··· PROVIDED INFORMATION ···
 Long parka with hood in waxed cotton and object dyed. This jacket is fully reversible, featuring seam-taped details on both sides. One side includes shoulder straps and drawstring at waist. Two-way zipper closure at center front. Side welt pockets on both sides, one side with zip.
···
··· PROVIDED INFORMATION ···
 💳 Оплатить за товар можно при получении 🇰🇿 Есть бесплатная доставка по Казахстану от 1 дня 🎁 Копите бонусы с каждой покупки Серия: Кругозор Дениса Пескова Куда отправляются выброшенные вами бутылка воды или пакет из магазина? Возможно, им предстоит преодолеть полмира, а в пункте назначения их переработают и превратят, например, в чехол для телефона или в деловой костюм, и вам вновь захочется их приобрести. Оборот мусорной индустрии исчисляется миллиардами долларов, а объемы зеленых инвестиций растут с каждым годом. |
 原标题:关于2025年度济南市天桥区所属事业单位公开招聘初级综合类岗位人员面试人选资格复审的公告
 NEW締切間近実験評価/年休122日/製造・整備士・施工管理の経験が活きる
···
ACTIVITY => Above are some records; copy exactly the lines from the one with "原标题:关于2025年度济南" through the one with "NEW締切間近実験評価/年休122日/製造・整備士・施工管理の経験が活きる", both included, and no others.

ANSWER TO THIS EXERCISE =>
 原标题:关于2025年度济南市天桥区所属事业单位公开招聘初级综合类岗位人员面试人选资格复审的公告
 NEW締切間近実験評価/年休122日/製造・整備士・施工管理の経験が活きる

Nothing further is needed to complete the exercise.